=== Entries shown ===

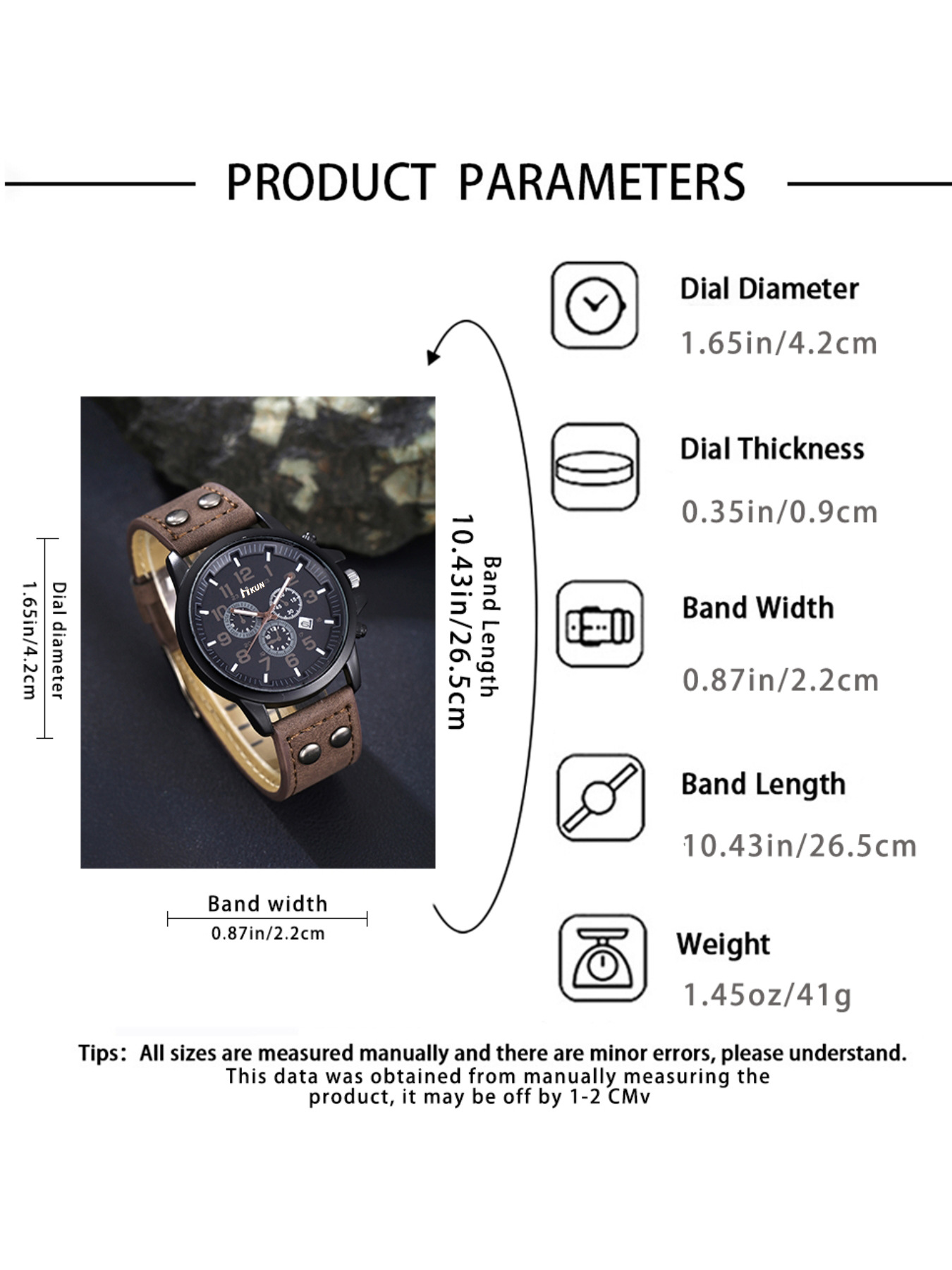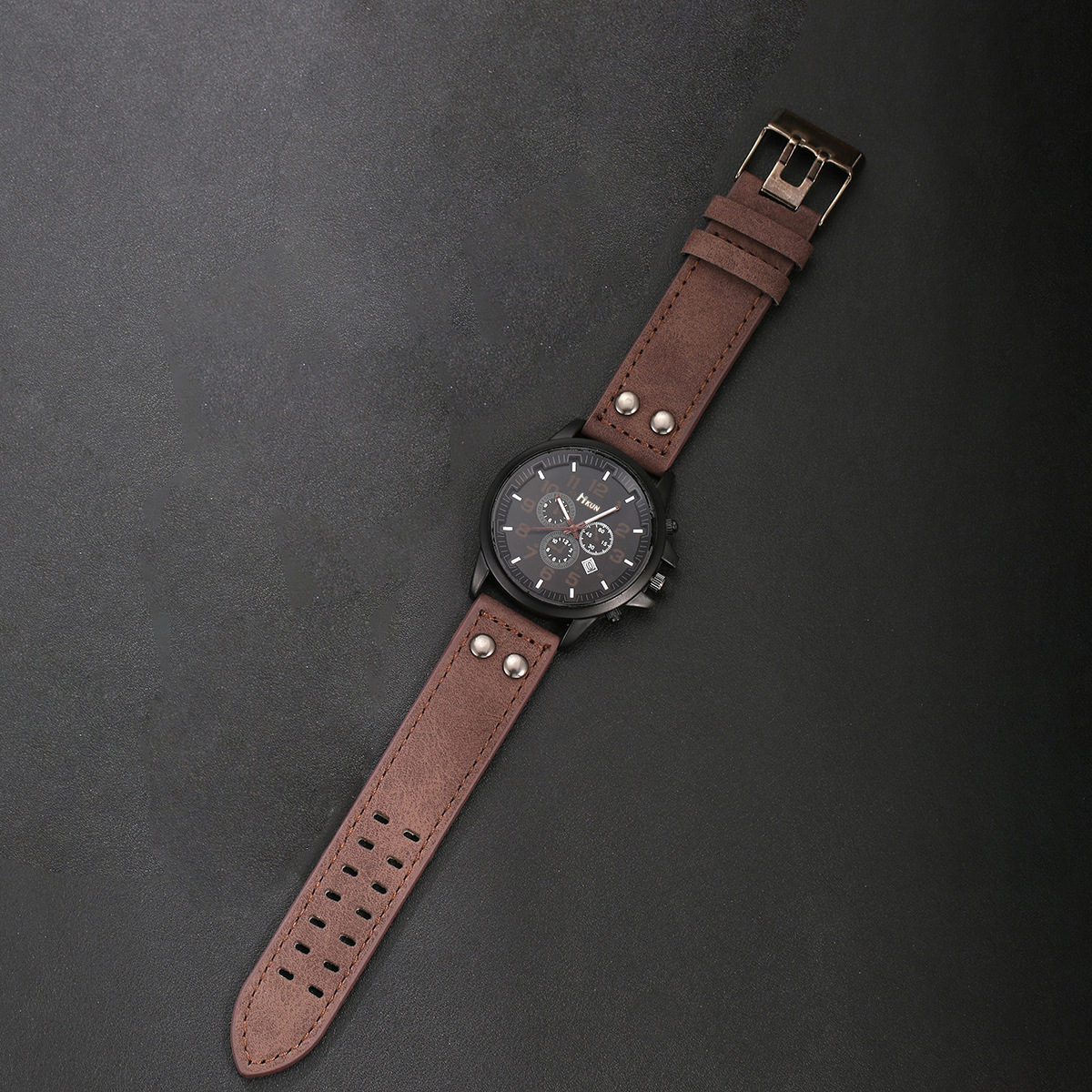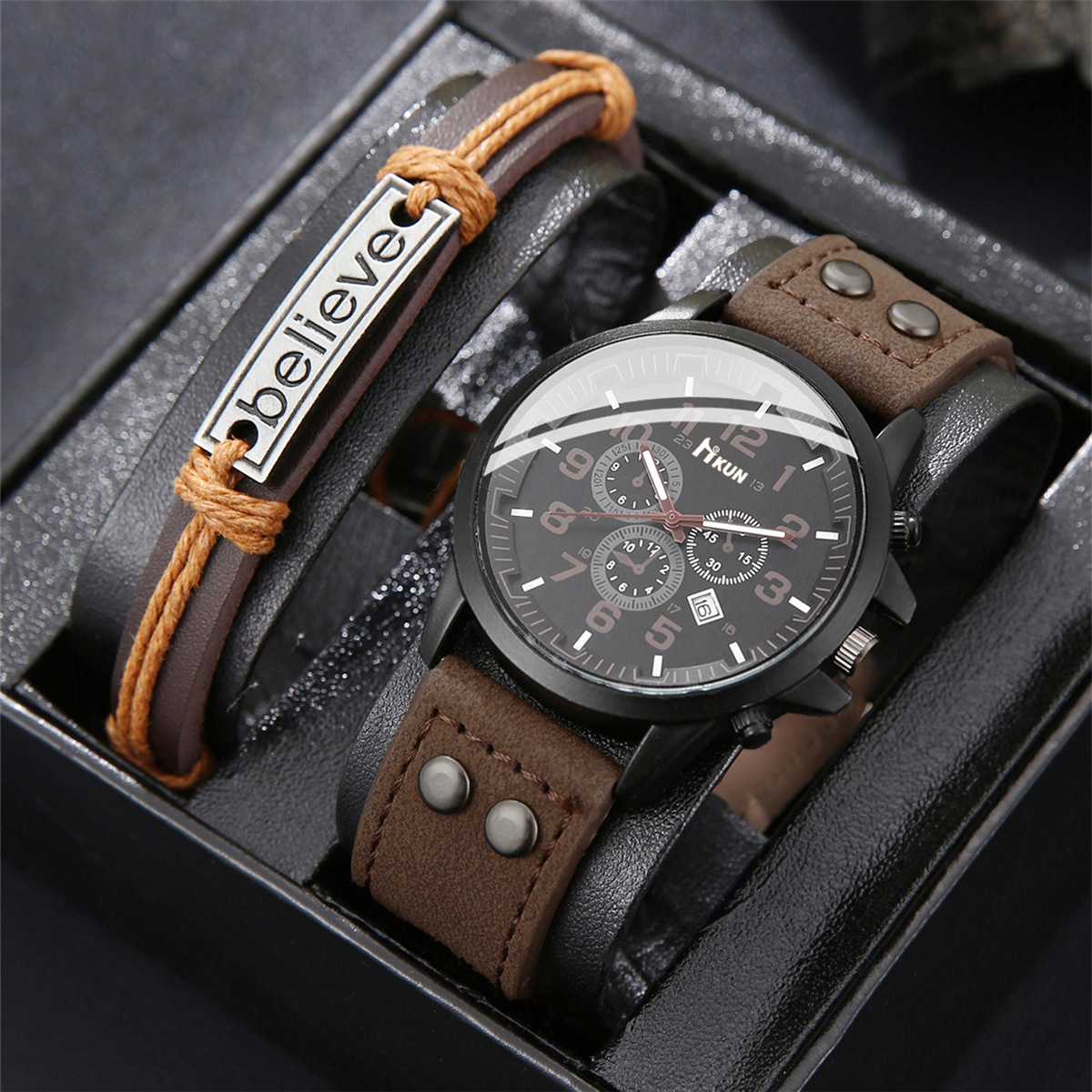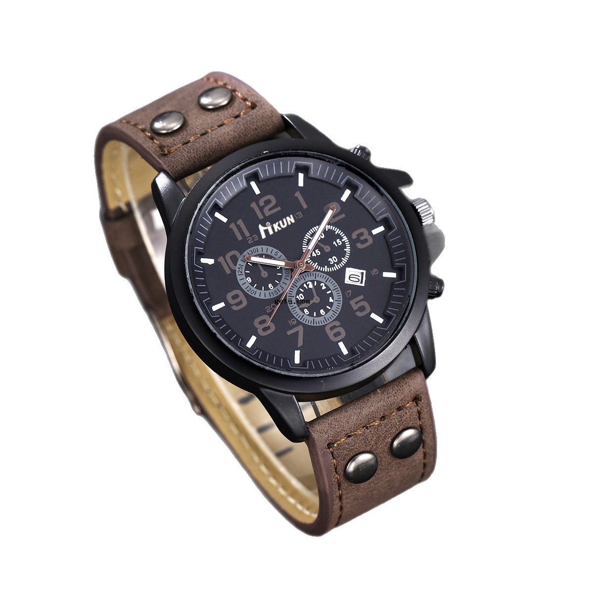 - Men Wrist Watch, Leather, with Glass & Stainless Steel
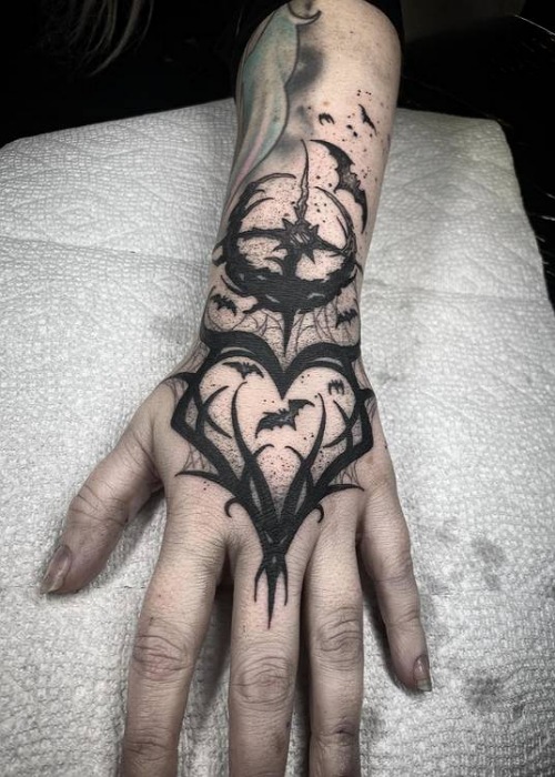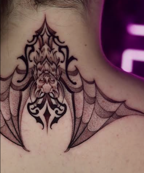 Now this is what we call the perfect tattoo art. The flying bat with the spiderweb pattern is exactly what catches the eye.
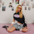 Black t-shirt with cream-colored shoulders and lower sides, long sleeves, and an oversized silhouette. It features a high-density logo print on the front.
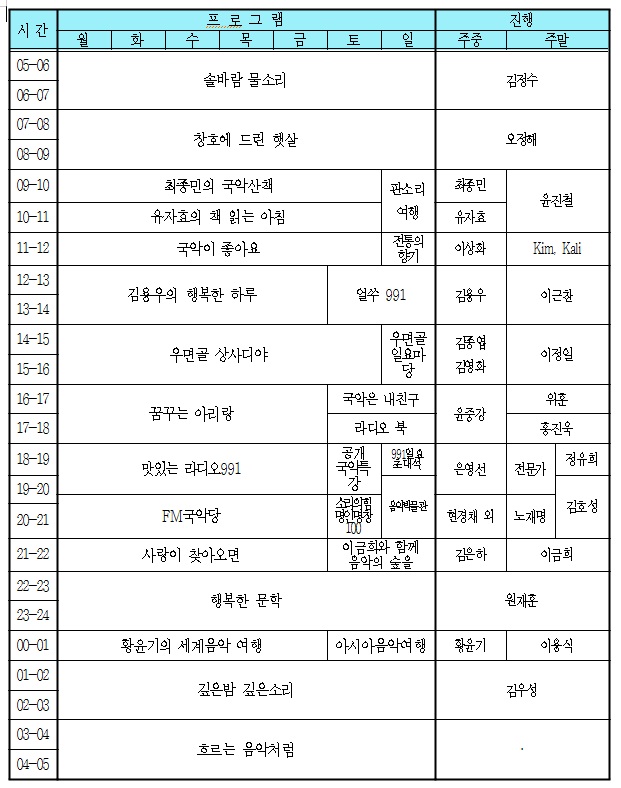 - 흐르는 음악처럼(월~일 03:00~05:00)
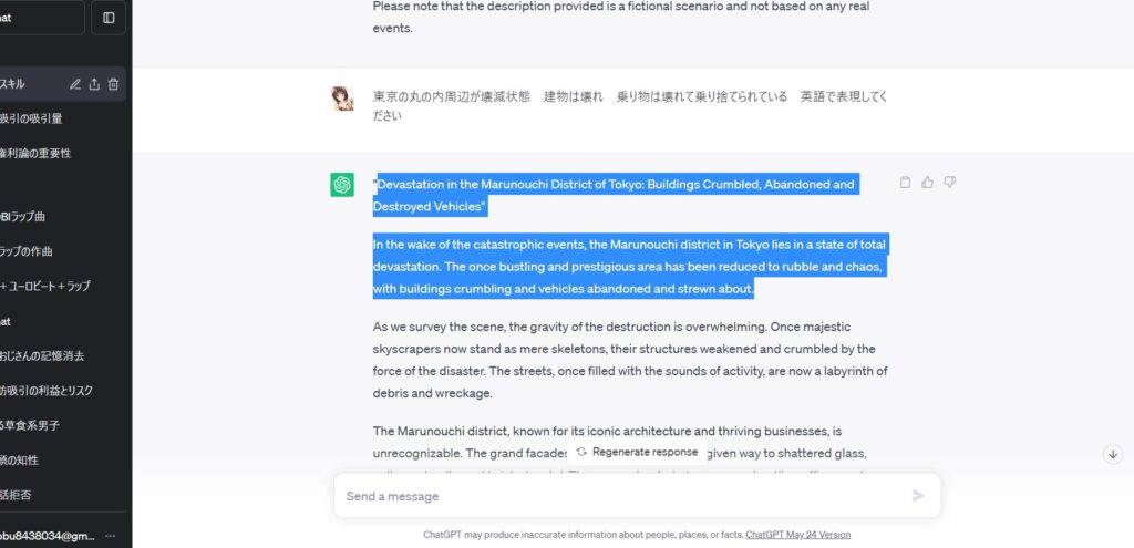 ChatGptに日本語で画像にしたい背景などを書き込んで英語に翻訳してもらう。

===

What this task involves:
Please transcribe exactly the lines from the start of the records through the line containing "Now this is", leaving the pictures out.

Solved problem:
 - Men Wrist Watch, Leather, with Glass & Stainless Steel
 Now this is what we call the perfect tattoo art. The flying bat with the spiderweb pattern is exactly what catches the eye.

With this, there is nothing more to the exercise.